» Problem requirements:
Copy word for word the lines in the records below, starting at the line with "Un service avec" and ending at the line with "Riviera 33 fly dinette". Skip the pictures.

» Provided information:
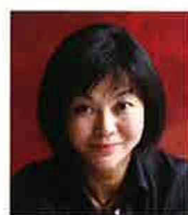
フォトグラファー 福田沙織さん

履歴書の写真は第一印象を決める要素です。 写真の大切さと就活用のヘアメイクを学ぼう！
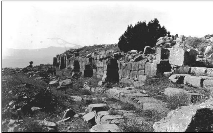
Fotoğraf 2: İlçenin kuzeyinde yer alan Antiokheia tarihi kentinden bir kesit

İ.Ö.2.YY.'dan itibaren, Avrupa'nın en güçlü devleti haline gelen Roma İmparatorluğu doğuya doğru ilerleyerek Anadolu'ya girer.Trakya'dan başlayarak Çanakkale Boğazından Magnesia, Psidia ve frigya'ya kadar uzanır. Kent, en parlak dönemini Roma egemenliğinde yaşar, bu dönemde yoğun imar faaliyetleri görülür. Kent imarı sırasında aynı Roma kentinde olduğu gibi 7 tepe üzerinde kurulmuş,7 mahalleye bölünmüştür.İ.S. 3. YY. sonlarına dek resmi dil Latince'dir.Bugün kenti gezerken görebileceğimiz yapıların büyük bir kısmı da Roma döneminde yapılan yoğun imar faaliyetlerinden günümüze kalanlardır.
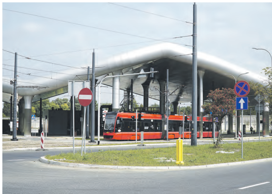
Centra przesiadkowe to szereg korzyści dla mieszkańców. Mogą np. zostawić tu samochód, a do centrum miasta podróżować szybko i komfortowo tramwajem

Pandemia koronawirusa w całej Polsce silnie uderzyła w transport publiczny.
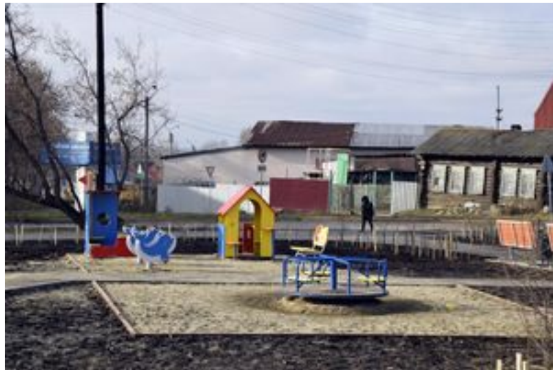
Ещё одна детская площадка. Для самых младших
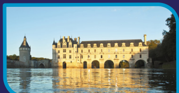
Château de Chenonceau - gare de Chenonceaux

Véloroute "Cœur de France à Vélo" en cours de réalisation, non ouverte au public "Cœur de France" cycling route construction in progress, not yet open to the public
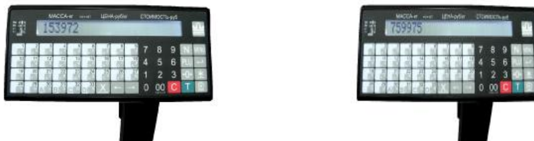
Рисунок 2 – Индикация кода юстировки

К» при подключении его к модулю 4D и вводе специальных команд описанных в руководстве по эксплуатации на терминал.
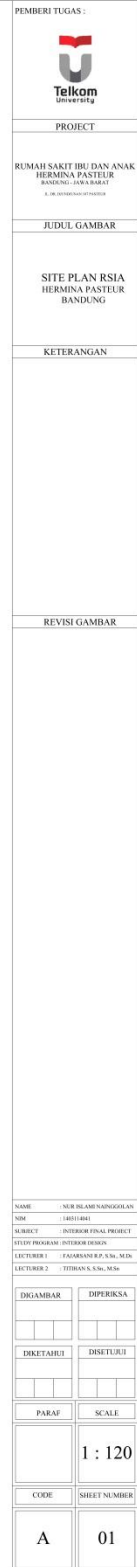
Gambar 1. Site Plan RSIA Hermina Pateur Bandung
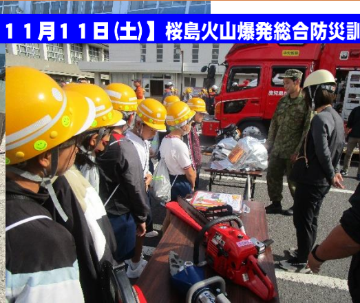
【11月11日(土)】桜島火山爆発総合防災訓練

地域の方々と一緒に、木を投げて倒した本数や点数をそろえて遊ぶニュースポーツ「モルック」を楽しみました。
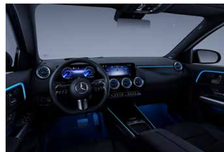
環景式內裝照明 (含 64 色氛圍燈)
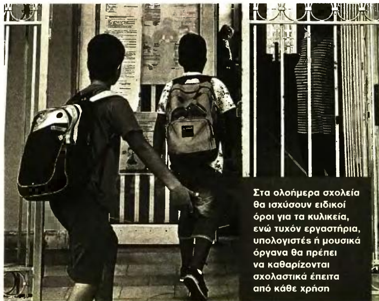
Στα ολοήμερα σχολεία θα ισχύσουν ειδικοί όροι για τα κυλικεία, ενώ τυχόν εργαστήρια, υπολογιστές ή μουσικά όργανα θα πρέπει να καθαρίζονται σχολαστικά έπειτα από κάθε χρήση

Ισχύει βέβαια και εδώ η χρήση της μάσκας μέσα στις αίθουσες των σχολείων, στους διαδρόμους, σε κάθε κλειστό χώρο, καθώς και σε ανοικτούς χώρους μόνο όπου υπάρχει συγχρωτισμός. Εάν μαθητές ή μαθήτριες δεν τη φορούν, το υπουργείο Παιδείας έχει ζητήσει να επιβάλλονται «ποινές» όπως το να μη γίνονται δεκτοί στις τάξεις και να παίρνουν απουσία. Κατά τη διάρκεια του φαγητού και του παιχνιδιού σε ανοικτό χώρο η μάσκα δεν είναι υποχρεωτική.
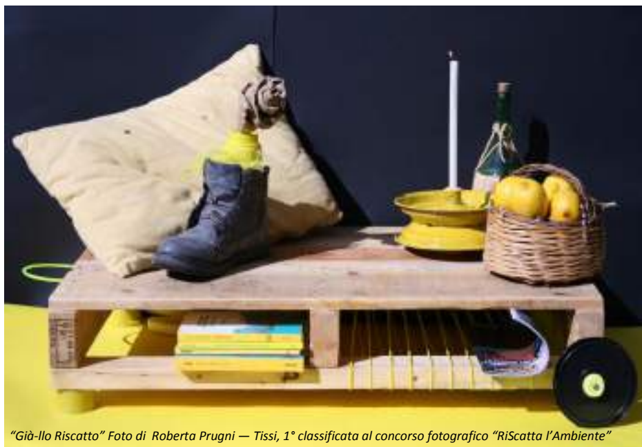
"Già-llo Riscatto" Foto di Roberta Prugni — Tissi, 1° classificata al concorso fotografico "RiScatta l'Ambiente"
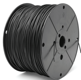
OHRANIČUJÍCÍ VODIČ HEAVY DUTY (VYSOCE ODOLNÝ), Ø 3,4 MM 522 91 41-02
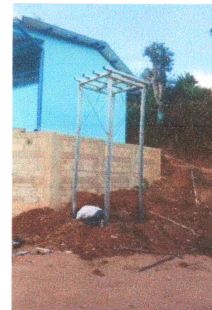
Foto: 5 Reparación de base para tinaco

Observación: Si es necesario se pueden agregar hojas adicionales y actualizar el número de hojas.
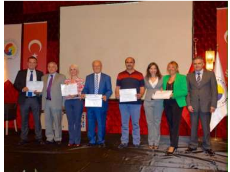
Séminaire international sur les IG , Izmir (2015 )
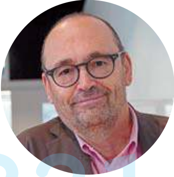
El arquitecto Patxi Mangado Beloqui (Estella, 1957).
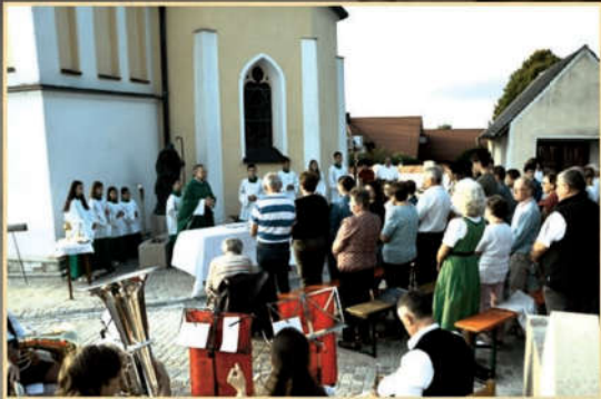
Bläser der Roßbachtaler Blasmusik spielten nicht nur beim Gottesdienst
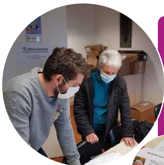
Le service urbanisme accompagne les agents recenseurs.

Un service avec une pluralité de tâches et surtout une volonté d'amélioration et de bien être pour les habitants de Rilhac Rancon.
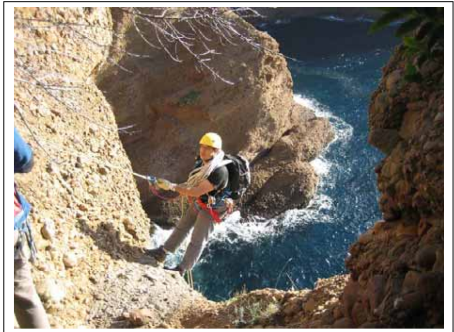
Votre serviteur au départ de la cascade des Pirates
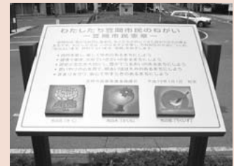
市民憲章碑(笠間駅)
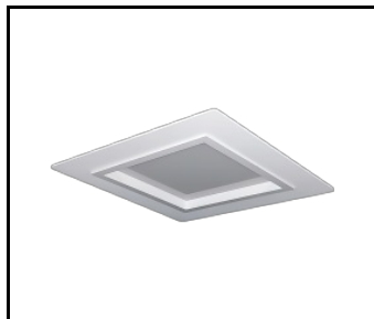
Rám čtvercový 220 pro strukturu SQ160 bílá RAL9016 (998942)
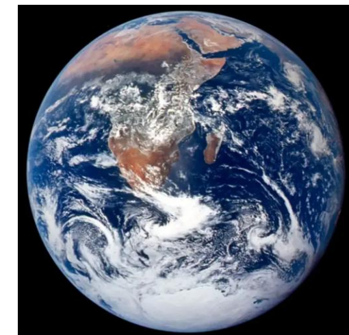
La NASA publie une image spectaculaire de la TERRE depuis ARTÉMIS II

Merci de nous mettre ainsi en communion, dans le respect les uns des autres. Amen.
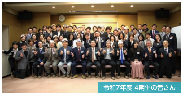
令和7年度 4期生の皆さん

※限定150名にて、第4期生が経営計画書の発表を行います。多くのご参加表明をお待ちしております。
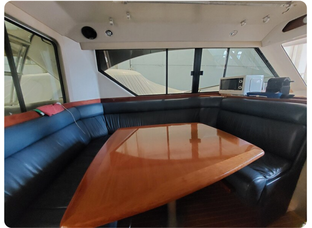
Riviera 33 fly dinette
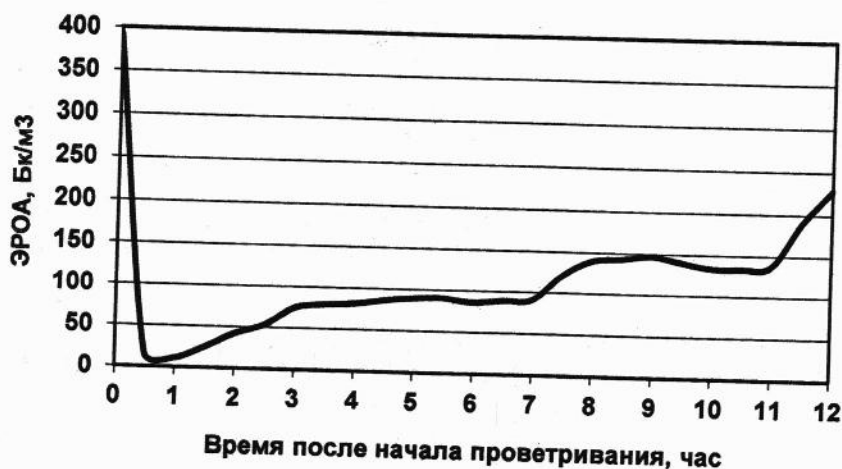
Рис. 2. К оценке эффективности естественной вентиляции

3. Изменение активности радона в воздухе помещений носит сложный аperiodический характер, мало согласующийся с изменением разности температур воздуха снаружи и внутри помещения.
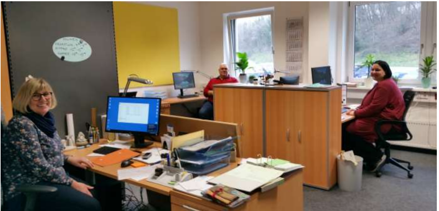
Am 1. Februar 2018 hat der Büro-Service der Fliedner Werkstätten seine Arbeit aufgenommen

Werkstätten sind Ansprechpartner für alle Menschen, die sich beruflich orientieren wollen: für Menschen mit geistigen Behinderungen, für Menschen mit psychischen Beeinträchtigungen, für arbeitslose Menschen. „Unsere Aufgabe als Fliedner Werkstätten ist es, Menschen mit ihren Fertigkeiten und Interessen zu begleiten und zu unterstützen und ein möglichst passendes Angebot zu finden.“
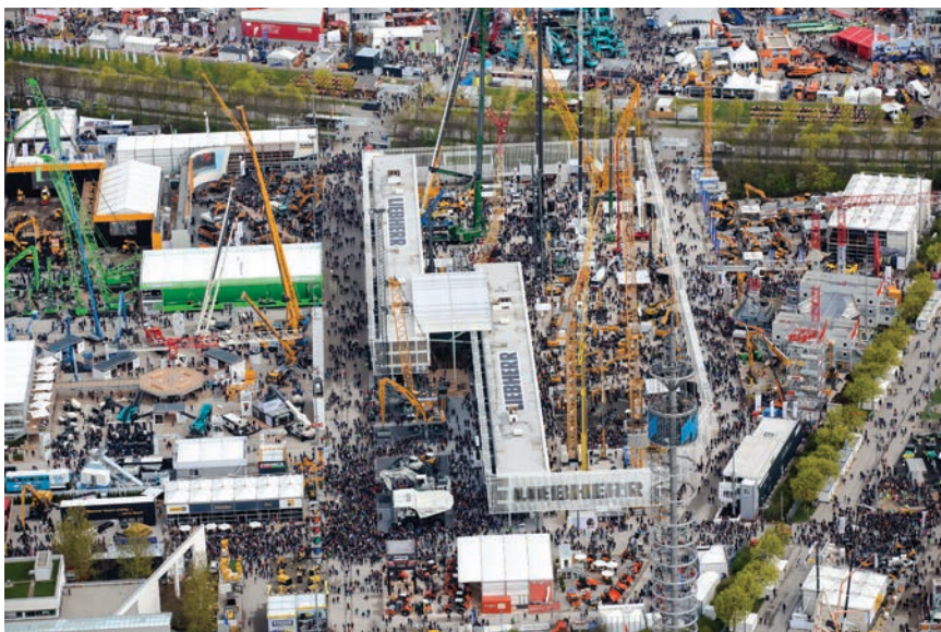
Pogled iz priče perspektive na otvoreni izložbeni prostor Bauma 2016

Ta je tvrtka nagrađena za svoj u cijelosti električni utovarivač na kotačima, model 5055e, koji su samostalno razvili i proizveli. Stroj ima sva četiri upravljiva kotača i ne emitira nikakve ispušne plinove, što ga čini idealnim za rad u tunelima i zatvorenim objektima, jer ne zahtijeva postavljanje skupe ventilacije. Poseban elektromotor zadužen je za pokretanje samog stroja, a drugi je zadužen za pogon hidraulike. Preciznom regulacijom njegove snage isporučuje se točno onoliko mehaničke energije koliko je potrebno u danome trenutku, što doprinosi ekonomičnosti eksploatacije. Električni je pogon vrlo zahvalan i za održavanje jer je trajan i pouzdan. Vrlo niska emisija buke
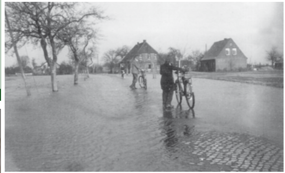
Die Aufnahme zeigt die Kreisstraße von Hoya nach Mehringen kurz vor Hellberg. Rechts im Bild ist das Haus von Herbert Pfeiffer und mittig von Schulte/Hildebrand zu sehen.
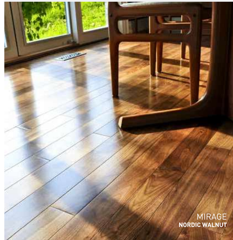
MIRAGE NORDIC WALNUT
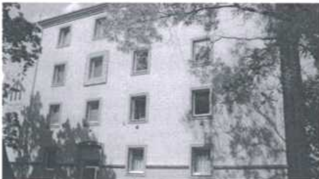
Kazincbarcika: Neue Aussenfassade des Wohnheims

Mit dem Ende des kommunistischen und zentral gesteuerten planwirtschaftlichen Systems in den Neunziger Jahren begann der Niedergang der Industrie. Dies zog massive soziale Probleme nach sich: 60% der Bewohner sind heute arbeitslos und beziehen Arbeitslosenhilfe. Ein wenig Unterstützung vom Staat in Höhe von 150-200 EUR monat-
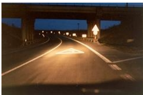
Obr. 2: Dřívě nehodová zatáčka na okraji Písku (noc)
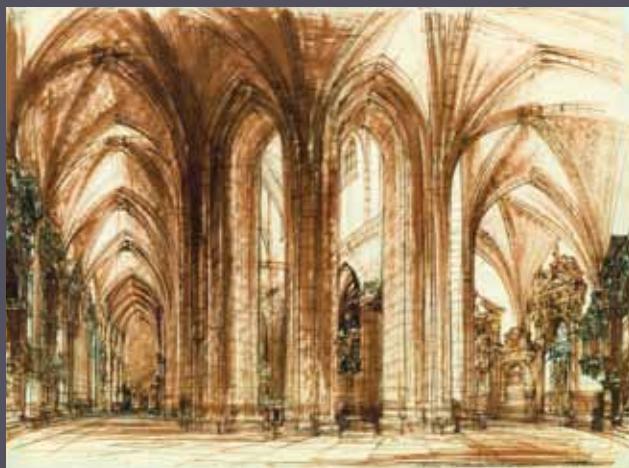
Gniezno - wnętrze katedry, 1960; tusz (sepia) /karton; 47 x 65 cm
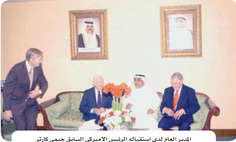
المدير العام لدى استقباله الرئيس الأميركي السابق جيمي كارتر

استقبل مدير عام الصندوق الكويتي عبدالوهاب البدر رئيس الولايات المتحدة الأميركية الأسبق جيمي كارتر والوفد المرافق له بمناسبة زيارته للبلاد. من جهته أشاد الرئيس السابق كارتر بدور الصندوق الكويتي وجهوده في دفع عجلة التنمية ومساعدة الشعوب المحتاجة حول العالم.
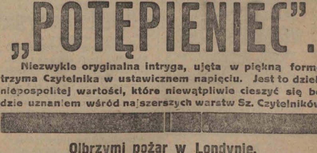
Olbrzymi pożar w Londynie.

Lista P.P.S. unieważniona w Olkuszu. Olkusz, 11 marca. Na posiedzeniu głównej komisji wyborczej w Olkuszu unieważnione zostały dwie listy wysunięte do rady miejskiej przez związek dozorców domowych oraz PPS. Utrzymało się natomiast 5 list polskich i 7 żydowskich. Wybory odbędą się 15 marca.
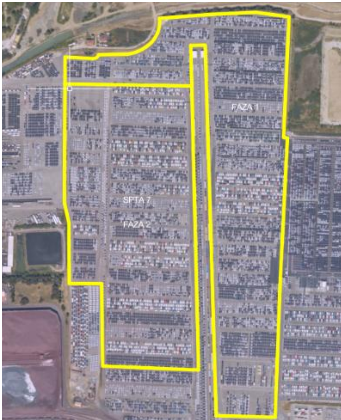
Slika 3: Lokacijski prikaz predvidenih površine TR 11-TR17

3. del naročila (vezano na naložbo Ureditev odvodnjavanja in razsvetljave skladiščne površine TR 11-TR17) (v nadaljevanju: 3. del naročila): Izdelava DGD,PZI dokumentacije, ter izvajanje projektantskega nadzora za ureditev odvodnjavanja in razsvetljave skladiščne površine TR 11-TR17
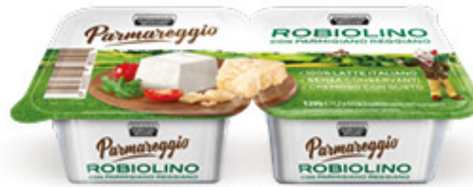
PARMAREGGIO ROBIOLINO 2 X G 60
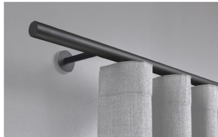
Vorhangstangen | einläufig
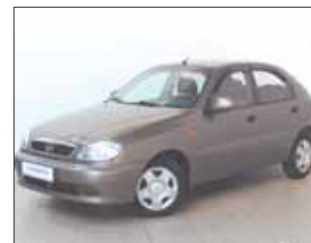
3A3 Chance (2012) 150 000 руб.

» Task output:
Un service avec une pluralité de tâches et surtout une volonté d'amélioration et de bien être pour les habitants de Rilhac Rancon.
Votre serviteur au départ de la cascade des Pirates
市民憲章碑(笠間駅)
Rám čtvercový 220 pro strukturu SQ160 bílá RAL9016 (998942)
La NASA publie une image spectaculaire de la TERRE depuis ARTÉMIS II

Merci de nous mettre ainsi en communion, dans le respect les uns des autres. Amen.
令和7年度 4期生の皆さん

※限定150名にて、第4期生が経営計画書の発表を行います。多くのご参加表明をお待ちしております。
Riviera 33 fly dinette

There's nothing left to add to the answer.